# How to compare a subset to a set - timing

#### chris.overend

##### New Member
I have a task (PARENT) that completes thousands of tasks every day all of varying length. That task takes hundreds of minutes to complete, I now have 300+ data points after a year. I have a task (CHILD) that runs a varying subset (150, 2000, 1243, ...) of the thousand tasks.
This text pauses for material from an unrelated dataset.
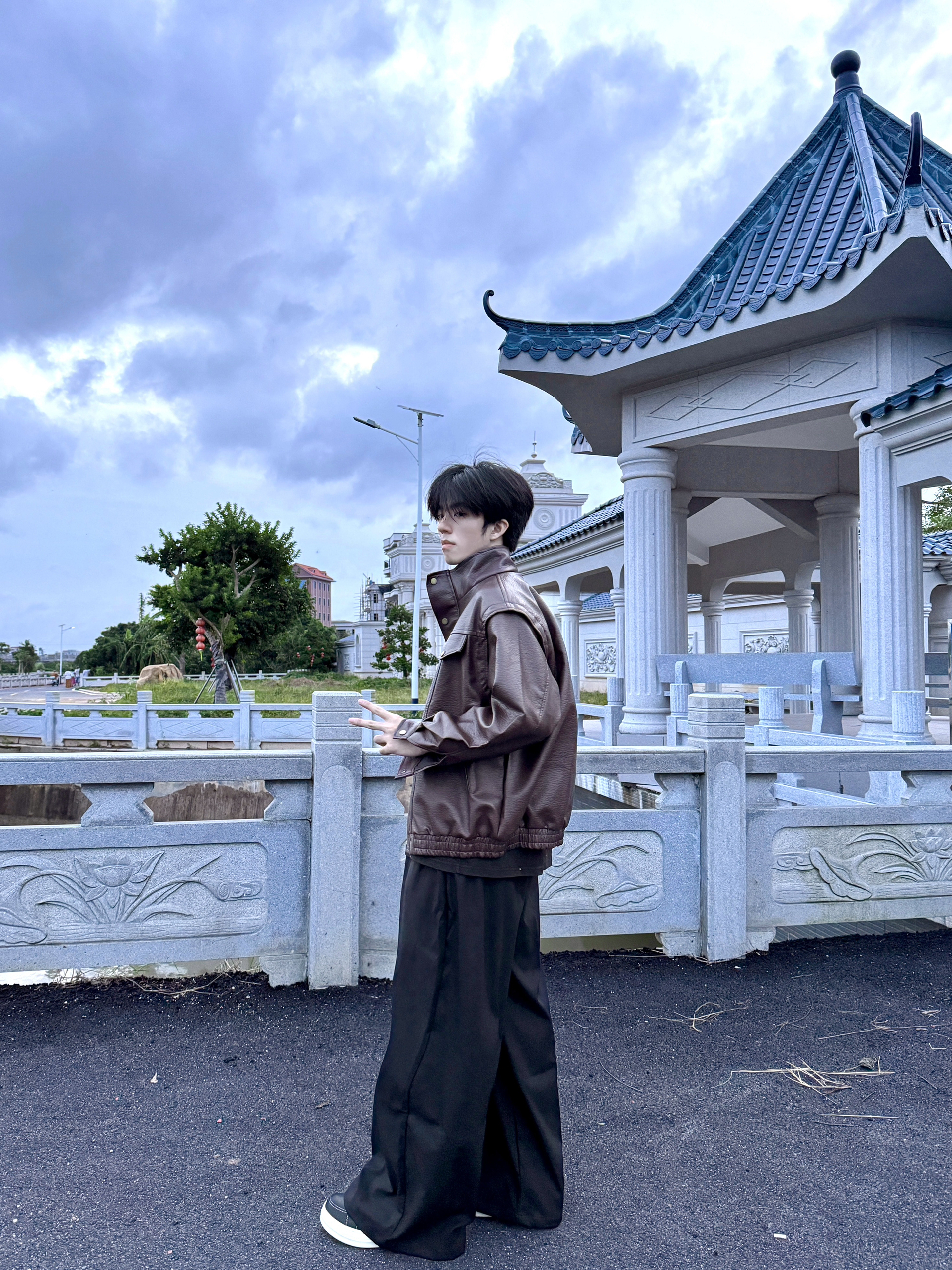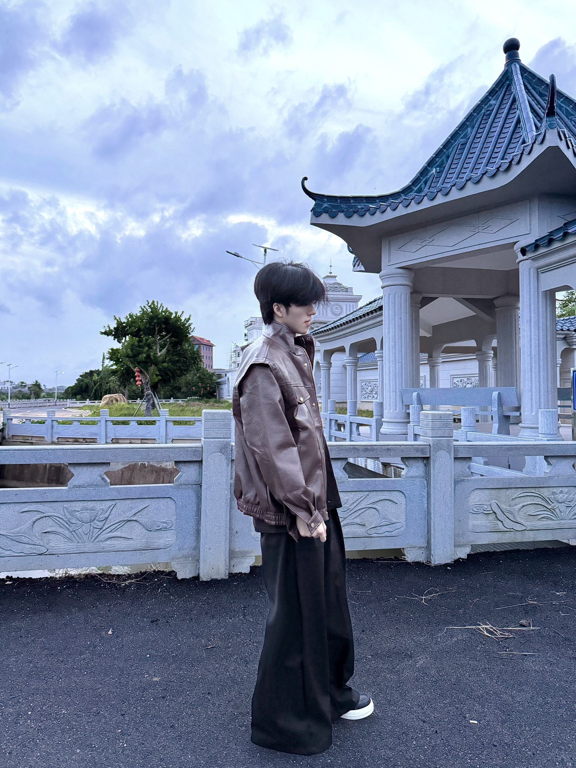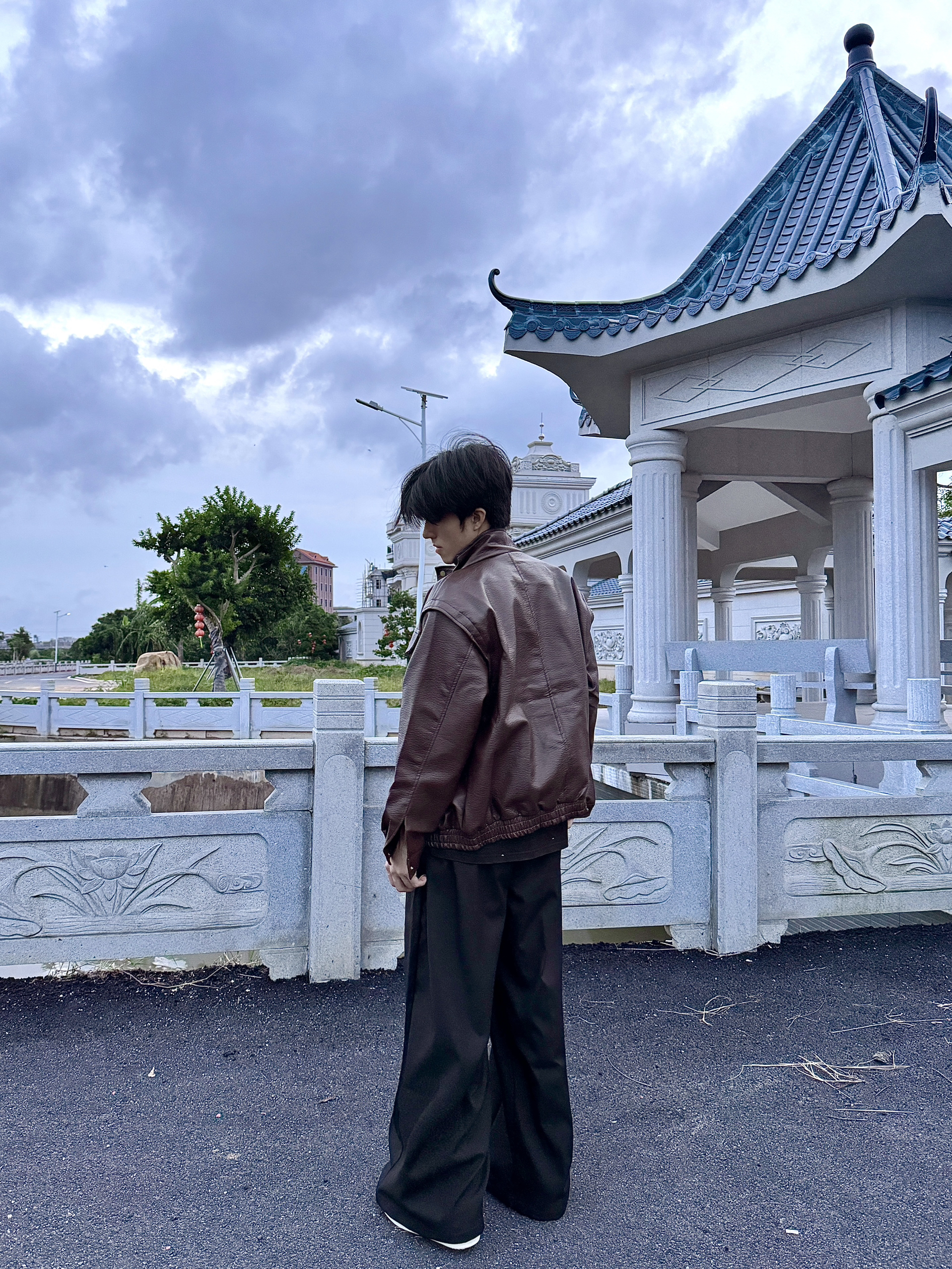 那天天气有点阴,我穿着这件棕色皮衣,配着黑裤子,在村里的古亭边上待了会儿。这皮衣看着挺有质感,版型宽松但不拖沓,站在雕着花的石栏旁,和旁边古色古香的亭子莫名和谐。风一吹,皮衣的料子软软的,也不闷。平时我不太爱搞复杂穿搭,这种简单的搭配,在这种有点古韵的地方,倒显得挺自在,也没觉得和环境突兀,就很舒服地拍了几张。

Changes are made to the CHILD tasks. To determine if these changes are acceptable I need to compare the CHILDS times against the PARENTS times to determine
if the CHILD is completing in an acceptable time frame. The acceptable time frame should be determined by PARENT data. The PARENT does have some out lying
data points.

I have never done any statistical analysis before.
My thought is that if I know that 98% ( to exclude outliers ) of the PARENT longest and shortest times are with in 4% of the (mean , median) then I can compare the CHILD task time against the same PARENT subset, and see if it is inside or outside of the 4%.

example:
PARENT
[209.064, 212.289, 199.694, 203.198, 206.779, 210.909, 207.152, 194.514, 194.23, 198.452] - time to complete 6000 tasks
CHILD
[60] time to complete 150 - if I compare against the same tasks for PARENT for the last 5 times it was completed PARENT could be [54, 60, 50, 55, 46]

This smaller set of data does not seem to provide enough information to determine if the tasks are slower or faster as compared to the PARENT.

It would be nice to be able to show

RUN | % slower vs PARENT
------------------------------
1 | +4%
2 | +2%
3 | +5%
4 | -1%